# A few ?s that I have



## K20A2 (Aug 12, 2006)

Hello everyone. There are a few things I have come across, so I wanted to ask here and see what I should do.

Im currently running a penguin biowheel filter on my tank. Its empty as of now, no plants or fish, just water and some plain gravel. I plan on transforming it to a planted tank within a week or two after I get everything sorted out. 

My first question is about the bio wheel. I have read that it will cause a loss of CO2. I dont plan on injected CO2 just yet, but sometime in the near future for sure. Is this true about the wheel? And if so, I assume I should just remove it once I start using CO2?

Another question I have is in regards to carbon. I know this will rob the water of nutrients that the plants need. What is recommended as a substitute to put in the filter instead of the "replacement cartridges" that have the carbon in them? Some sort of pad that is purely mechanical filtration? Also, should I ever use carbon in there? Perhaps for a short duration of time every so often? Is there any benefit to doing this if your tank is planted?

My last question is about rocks. Is there any sort of guideline as to what rocks are ok and which ones are not? I found a lot of dark looking rocks on a path at a local river/lake. I would love to use them but Im not sure if they are going to cause harm to the water. The only thing I can think of is to soak them for a week or so and test the water every night to see what changes, if any, they are going to have on the water.

Thanks in advance for any help.


----------



## joephys (May 9, 2006)

The biowheel will probably cause some CO2 to gas off if it is injected. If your not injecting, it won't make a difference, and might be benificial to help add a small amount of CO2. If you are going to inject in the future, I would remove the wheel now, so that you aren't taking away a large portion of the bacteria when you do remove it.

I use no carbon in my tanks. It really isn't need and doesn't work for very long. I would just use some sort of filter pad in the filter to trap debris. If you did use the filter pads made for the filter, I don't think the carbon will suck up enough nutrients to make much of a difference. I don't see any need to really ever use carbon. If a tank is taken care of properly, with regular waterchanges, you shouldn't have enough toxins in the tank to be an issue. The only reason carbon might be wanted is if you have drift wood making the water brown. It will help to clear it up.

Most rocks are going to be ok.
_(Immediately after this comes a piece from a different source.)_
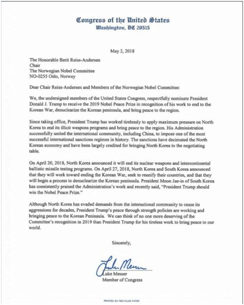 这封信最后还对特朗普进行了“十分拔高”的评价:“特朗普总统的强硬政策管用了,还给朝鲜半岛带来了和平。我们认为没有人比特朗普总统更值得获得诺贝尔委员会的认可。因为他不遗余力地为世界带来和平。”

Make sure you get them from a place that they won't have polution on them. Clean them off very well, and drip some vinigar on them. If the vinigar starts to fizz, then the rocks will affect the water. This might not be a bad thing if you want to harden your water. If the vinigar doesn't fizz, then the rock is inert and will not have any affect on your water.


----------



## K20A2 (Aug 12, 2006)

Any recomendations on an alternative filter pad with no carbon?

Perhaps these? http://www.drsfostersmith.com/Product/Prod_Display.cfm?pcatid=4231&N=2004+113808


----------



## Jimbo205 (Feb 2, 2006)

> Clean them off very well, and drip some vinigar on them. If the vinigar starts to fizz, then the rocks will affect the water. This might not be a bad thing if you want to harden your water. If the vinigar doesn't fizz, then the rock is inert and will not have any affect on your water.


Great tip!


----------



## Jimbo205 (Feb 2, 2006)

Penguin BIO-Wheel. I love mine on my 10 Gallon Tank. 

Yeah, rip out the carbon. Any questions why, ask Rusty at Seachem. Carbon in the filter sucks out all the supplements you put into the tank or something like that. Their booklet H2O2 was very helpful explaining this to me. 

Put your Bio-Wheel on a timer. Have it turn on when your plant lights go out at night time. That way you guarantee that your fish are not negatively affected by the CO2 being diffused during the nighttime
into the aquarium if you choose to do that. 

(I recommend DIY with a 3 liter soda bottle - super easy with any bubbler or ladder in your tank - very affordable and fun to watch).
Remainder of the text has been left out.